Programming in R

STOR 320
10/04/17

This lecture is about

  • conditionals (if/else)
  • loops (for, while)
  • how to define your own functions
  • basic programming flow

References

if statements

if (2 > 1) {
  print('fact')
}
[1] "fact"

if statements

if (2 < 1) {
  print('Math is Broken')
}

if/else statements

# Flip a coin 
if (runif(1) < 0.5) {
    print('heads')
} else {
    print('tails')
}
[1] "tails"

else-if statements

r <- runif(1)
# rock paper sissors
if (r < 1/3) {
    print('rock')
} else if (1/3 < r && r < 2/3) {
    print('paper')
} else{
    print('scissors')
}
[1] "paper"

Switches

If you have lots of nested If-thens, a switch() function could be more handy.
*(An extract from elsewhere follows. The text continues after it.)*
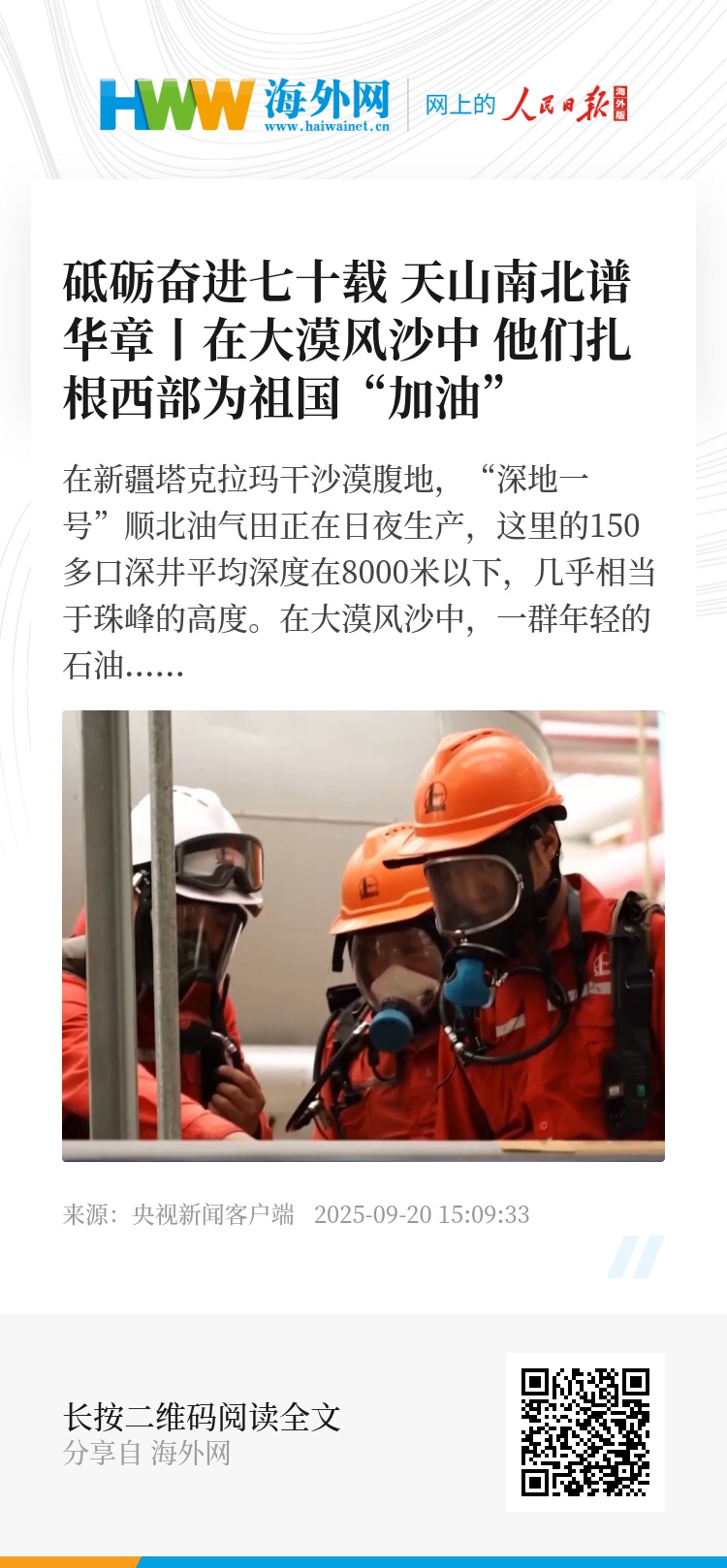 总监制丨张勤监制丨王琰 岳群制片人丨朱继华记者丨张芊芊 常江摄像丨张程编辑丨张雨棣 张博 张昊协拍丨新疆台 中国石化

Here is an example from Section 19.4.2. What does it do?

function(x, y, op) {
  switch(op,
    plus = x + y,
    minus = x - y,
    times = x * y,
    divide = x / y,
    stop("Unknown op!")
  )
}

Equality

2*5 == 10
[1] TRUE

Beware of finite precision arithmetic

# oops
sqrt(2)^2 == 2
[1] FALSE

Safety first

dplyr::near(sqrt(2)^2, 2)
[1] TRUE

Vectorized operations

c(1, 1, 1) == c(1, 2, 1)
[1]  TRUE FALSE  TRUE

If you need to return just one value in a loop, use the double symbol (I confess I don't really see the value of this.)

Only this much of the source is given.